There are probably a dozen or more located in and around the Front Range, Vail, Summit County.

Alpine World Ascents is a solid one. Universally recognized as one of the best avalanche schools out there. 

A good number of the cat operators will have a Level 1 avalanche course you can do with their guides and get some (limited but still) turns in while you are at it. You'll have to chat with the operator to see if they offer it.

You can also check Avalanche.org for courses.

The other resource to find courses for this state is the Colorado Avalanche Information Center: CAIC

You should find what you need from at least one of those links.


----------



## Carl Hungus (Jul 28, 2011)

Thanks very much for that. Do the avalanche courses teach you any riding specific skill sets, or is it just snow safety and recovery? Meaning, I'd also like get an overview of actually riding out back, split decks, how to snowshoe properly, learn how to handle a sled, reading terrain, basically the works.

Much appreciated.


----------



## killclimbz (Aug 10, 2007)

They teach the principals on how to evaluate and travel safely in avalanche terrain. Some guys might have an intro to splitboarding. I've seen a few, but overall that sort of thing is up to you to get the skills on. It's not that hard either. You just need to get out there.


As far as snowshoeing goes. Let me give you an advanced course. Strap snowshoes on your feet. Walk. Not much too it really.
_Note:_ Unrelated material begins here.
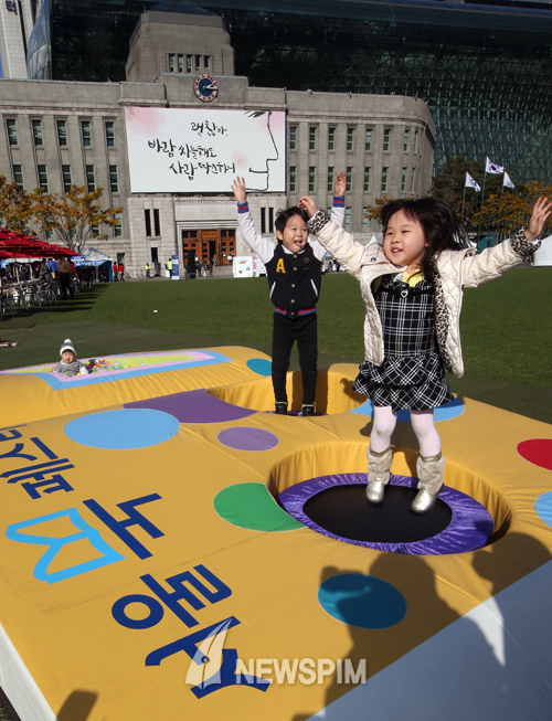 [뉴스핌=김학선 기자] 7일 오후 서울광장에서 열린 '2013 서울북페스티벌'을 찾은 어린이들이 책 모양의 조형물에서 트램펄린을 타고 있다. 문예콘서트, 공연, 동화구연대회 등이 열리는 이번 대회는 오는 9일까지 서울광장과 서울도서관에서 열린다.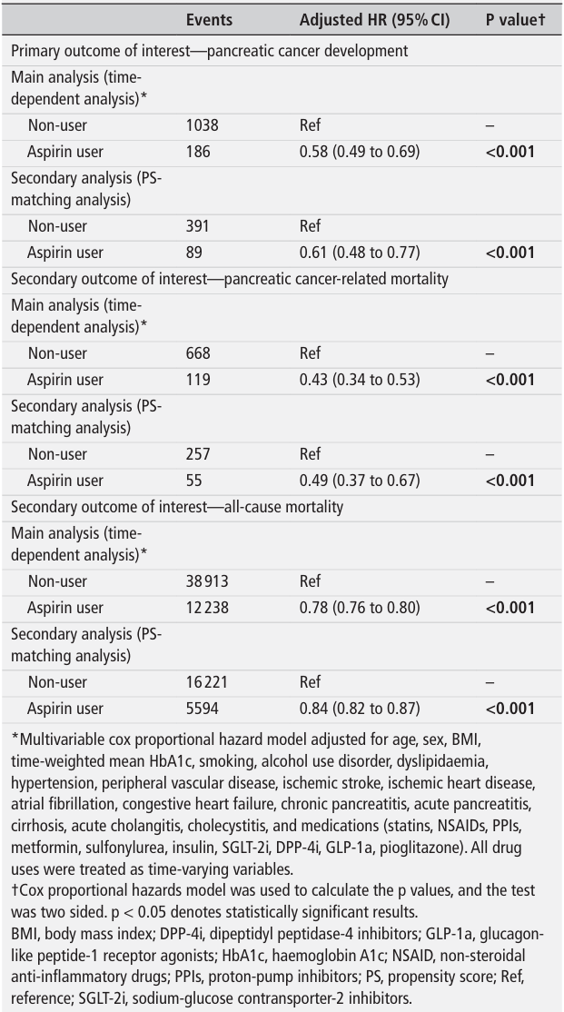 参考文献:Tan JT,Mao X,Cheng HM,Seto WK,Leung WK,Cheung KS.Aspirin is associated with lower risk of pancreatic cancer and cancer-related mortality in patients with diabetes mellitus.Gut.Published online January 2,2025.doi:10.1136/gutjnl-2024-333329

Snowmobiles, I'd say look for a club. Most poeple I know who do it has been baptism by fire. Lot's of digging stuck sleds and learning techniques on the fly.


----------



## Carl Hungus (Jul 28, 2011)

Gotcha. In short, learn how not to die in an avalanche and then flounder around and learn as you go. Thanks again, especially for the snowshoe lesson, ha.


----------



## killclimbz (Aug 10, 2007)

Definitely. Learning how to travel safely in avalanche terrain is the key. The rest of it is up to you. What you decide to take on and ride, being that it is safe to do so, is all up to you.


----------